China readies nuclear reactor in bid to harness 'Sun in a box' technology 

China is hoping its nuclear reactor will bring the world a step closer to sustainable fusion technology 
China is hoping its nuclear reactor will bring the world a step closer to sustainable fusion technology  Credit: Visual China Group

China has completed the construction of a reactor intended for experimental nuclear fusion that has been likened to "putting the Sun in a box" as the world races to find alternatives to fossil fuel use.

Chinese state media announced that the HL-2M machine, based in a research centre in Chengdu, the capital city of southwest China’s Sichuan province, will become operational in 2020.

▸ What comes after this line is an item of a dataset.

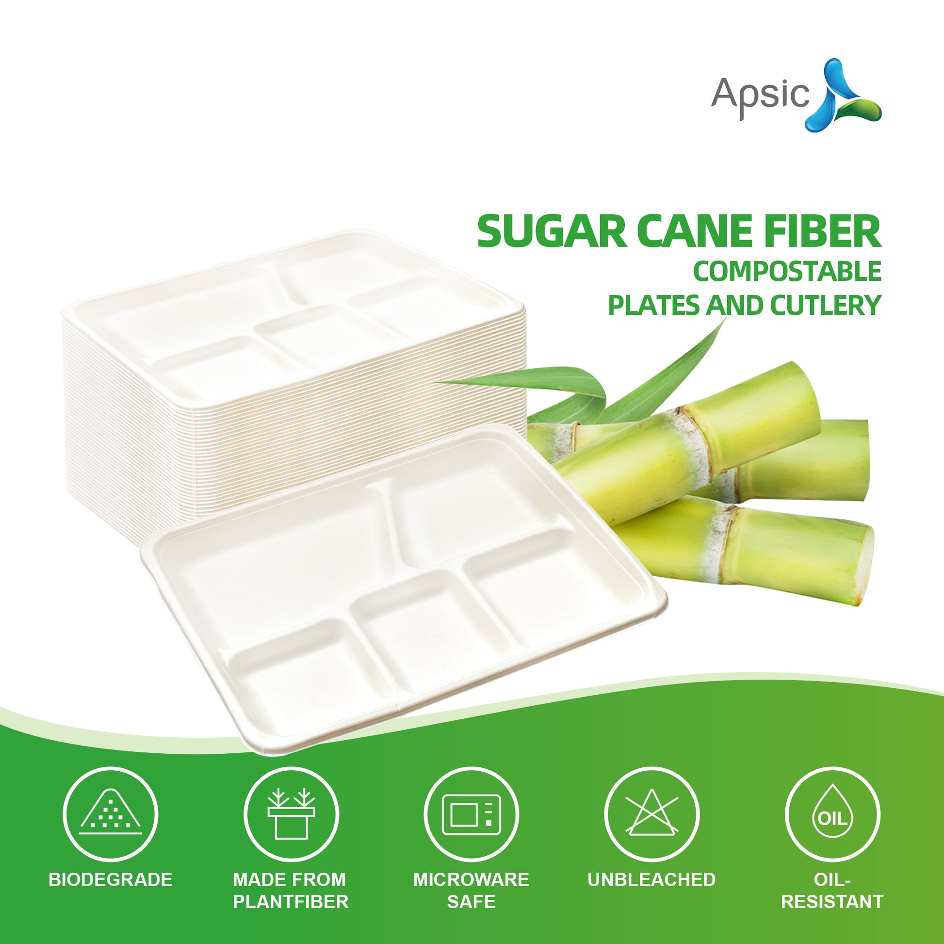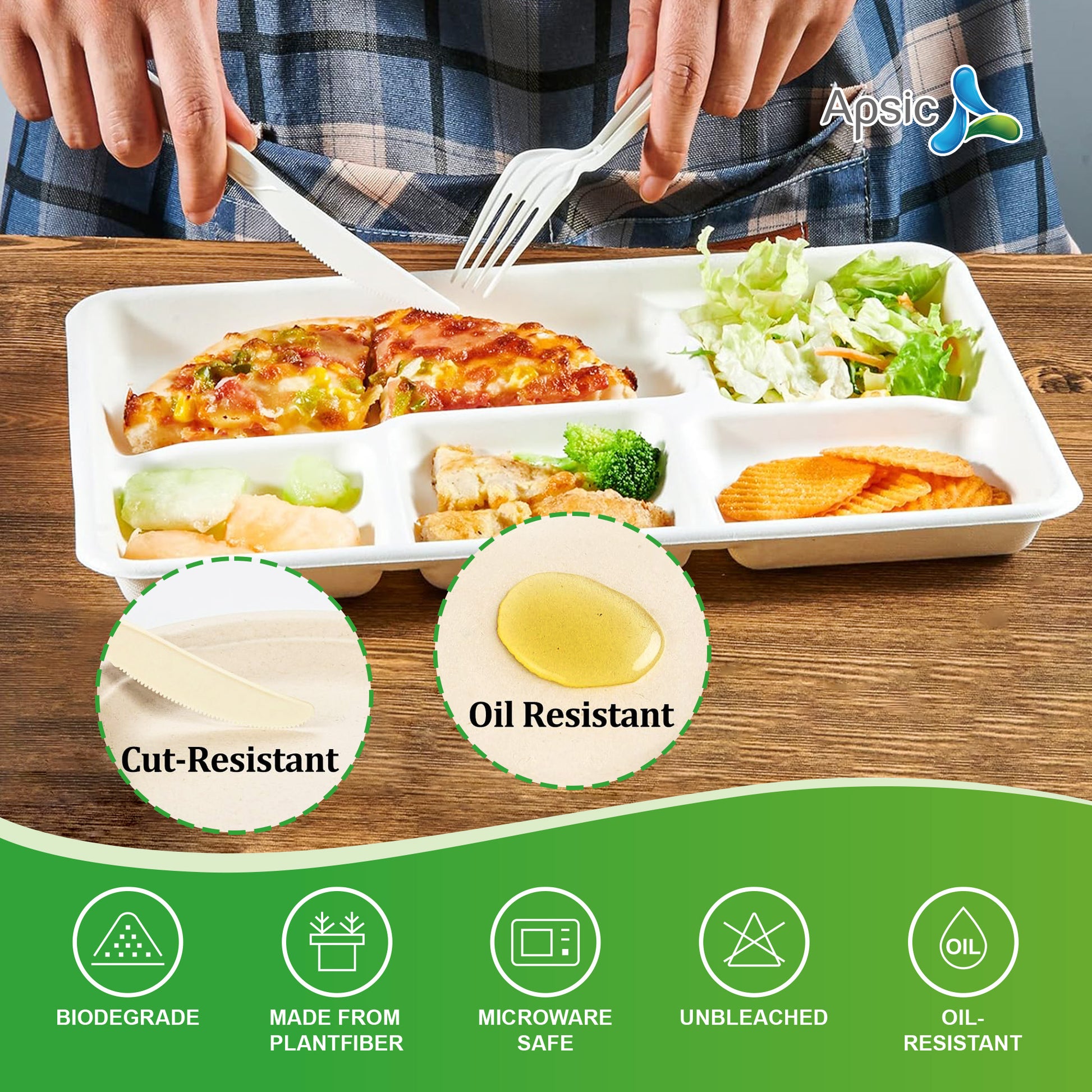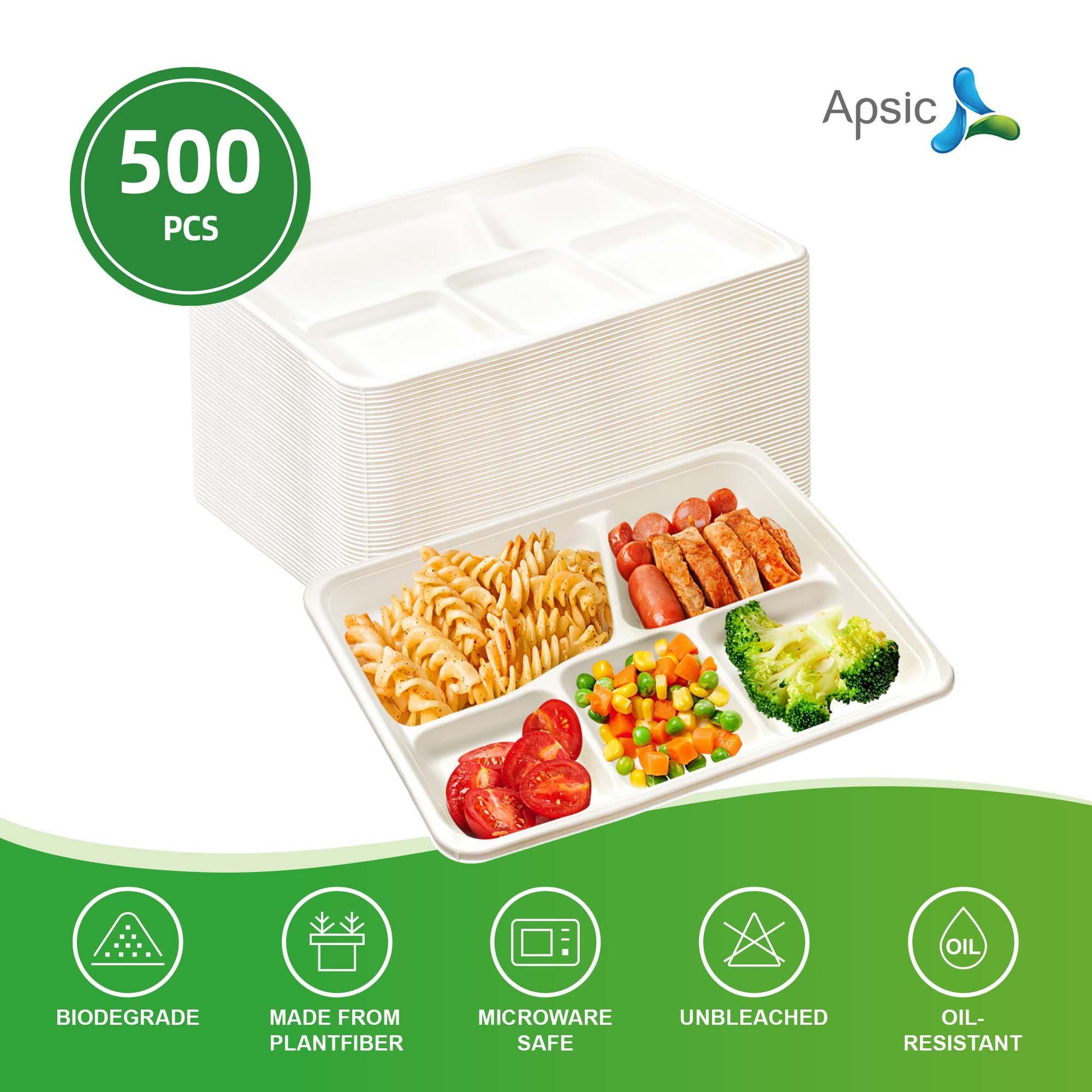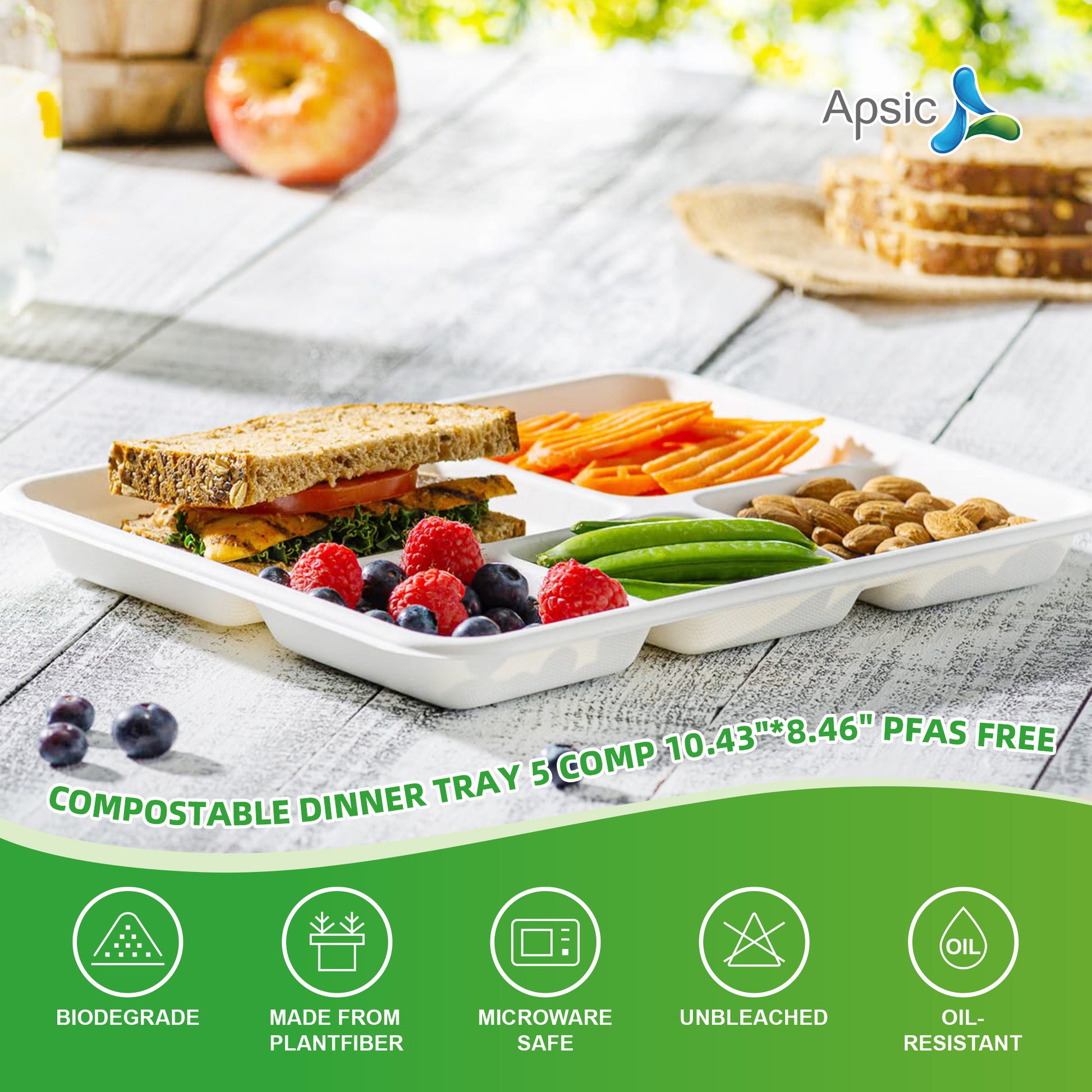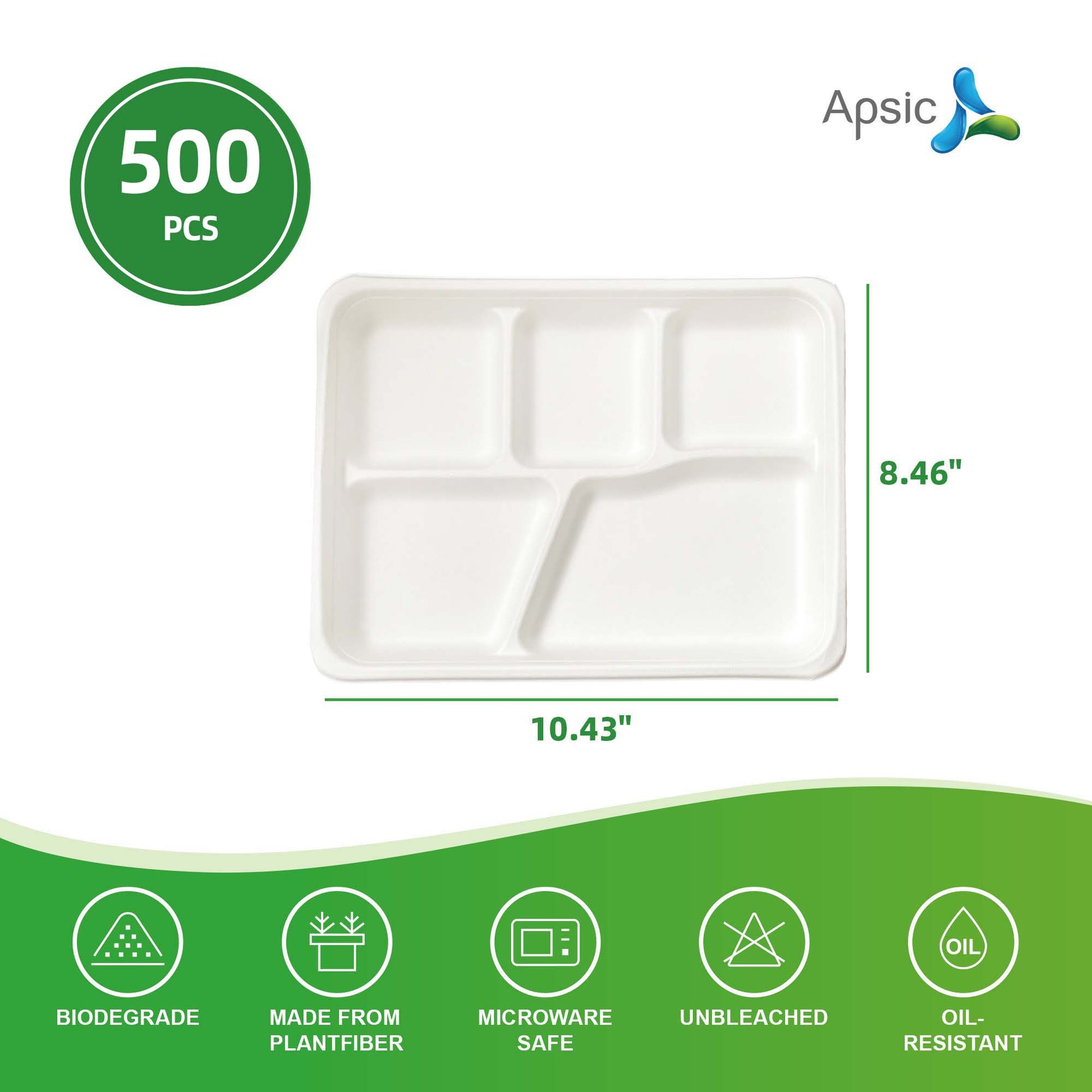 COMPOSTABLE DINNER TRAY 5 COMP 10.43"*8.46" PFAS FREE

Nuclear fusion technology - combining rather than splitting atoms to create energy in a process that mimics the Sun - has long held the promise of a means to a never-ending supply of clean energy.

But its full realisation from fusion to efficient energy has so far eluded scientists, who have been unable to come up with a system that creates more energy than it uses. 

China is among several states and private companies who are working on projects to make nuclear fusion a reality. 

Gao Zhe, a physics professor at Beijing's Tsinghua University, told the SCMP of mastering nuclear fusion: “There is no guarantee that all these problems will be solved. But if we don’t do it, the problems will definitely not be solved.”

Critics of nuclear technology as a replacement for fossil fuels argue that it is too expensive and impractical to make it a viable alternative, but that has not stopped a global effort to crack the solution. 

China is a member of International Thermonuclear Experimental Reactor (Iter) project along with the European Union, the US, India, Japan, South Korea and Russia, and has said it will feed its new technology into that project.

The focus of Iter, which is the world’s most expensive international science project at £15.5bn, is a nuclear fusion reactor in the south of France which has already produced energy on a small scale.

"Fusion has been one of the energies that has brought people together", said Juan Matthews, a visiting professor in nuclear energy technology at The University of Manchester’s Dalton Nuclear Institute. 

Iter is scheduled to become operational in 2025. 

Despite the collaborative approach to creating sustainable fusion technology, states and private companies have a stake in creating their own marketable elements. 

Iter and several other fusion experiments, including the HL-2M, use a doughnut shaped chamber called a tokamak - an invention first developed by the Soviets in the 1960s.

Last month the UK announced a landmark £220m investment in the development of a project to develop its own, more compact, version of the tokamak it hopes will be less expensive to build. 

"Everybody recognises the huge potential of fusion," said Ian Chapman, the CEO of the UK's Atomic Energy Authority. "If you can make that a reality in a market competitive way then the impact on future climate change could be huge. It's not surprising that everyone is keen."